Architectural clarity
Redux deliberately splits responsibilities across actions, reducers, and components, so each piece has a single, well-defined job. To reiterate: Actions are just descriptions of what happened in the app, plain objects that say “a user clicked a button” or “data finished loading.” Reducers take the current state plus an action and return the next state, without worrying about how that state will be displayed. Components then focus solely on rendering the UI based on the current state and dispatching actions in response to user input.
// counter-slice.ts
const countSlice = createSlice({
name: 'counter',
initialState: { count: 0 },
reducers: {
incrementBy(state, action // <- what happened) {
state.count = state.count + action.payload; // <- next state
}
}
});
export const { incrementBy } = countSlice.actions;
// component.tsx
import { useDispatch, useSelector } from "react-redux";
import { incrementBy } from "./counter-slice.ts";
function Counter() {
const dispatch = useDispatch();
const count = useSelector(state => state.counter.count);
return <>
<p>Count is {count}</p>
<button onClick={() => dispatch(incrementBy(1))}>
Increment
</button>
</>
}
Because this separation is built into Redux’s design, the patterns are enforced rather than left to developer discipline. It also makes refactoring safer, because changing how state is structured doesn’t require rewriting all your components or event handlers. Finally, it improves reasoning: when something breaks, you know whether to look at the action creator, the reducer logic, or the component, because each one has a single concern.
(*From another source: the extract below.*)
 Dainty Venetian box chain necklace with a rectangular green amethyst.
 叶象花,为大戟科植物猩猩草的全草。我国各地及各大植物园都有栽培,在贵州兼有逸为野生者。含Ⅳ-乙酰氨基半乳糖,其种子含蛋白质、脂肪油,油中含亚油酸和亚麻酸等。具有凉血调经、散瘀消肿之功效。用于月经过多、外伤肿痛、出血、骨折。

This enforced separation of concerns is what gives Redux projects architectural clarity and long-term maintainability.
The Future: Redux’s Lasting Influence
Redux may no longer be the shiny new tool everyone is rushing to adopt, but its design continues to echo across the frontend ecosystem. The core ideas of a single source of truth, pure state transitions, and unidirectional data flow have shaped how newer libraries think about state. Tools like Zustand (although more ergonomic but less deterministic) and Jotai look much leaner on the surface, but if you dig deeper you’ll see Redux’s fingerprints: plain actions, predictable updates, and a focus on transparency.
The Case for Redux
When you zoom out, four pillars define why Redux has stuck around: predictability (state is just data and reducers are pure), observability/debuggability (thanks to time-travel and action logging), scalability (a single store and enforced patterns help teams grow without chaos), and architectural clarity (actions, reducers, and components each have one job).
It isn’t a question of old versus new. Frameworks and compilers evolve, and lighter state libraries come and go. For example, using something like Zustand or Pinia, or React’s built-in Context + hooks in smaller projects, might be simpler. What endures are the principles that Redux put on the map: unidirectional data flow, strict separation of concerns, and the guarantee that state transitions are traceable.
Final thought
In a world of fleeting trends, React and Redux’s principles are timeless. Whether you’re building a small app or a massive platform, unidirectional data flow gives you the confidence to scale without fear.
Do you still use Redux in your projects? Why or why not?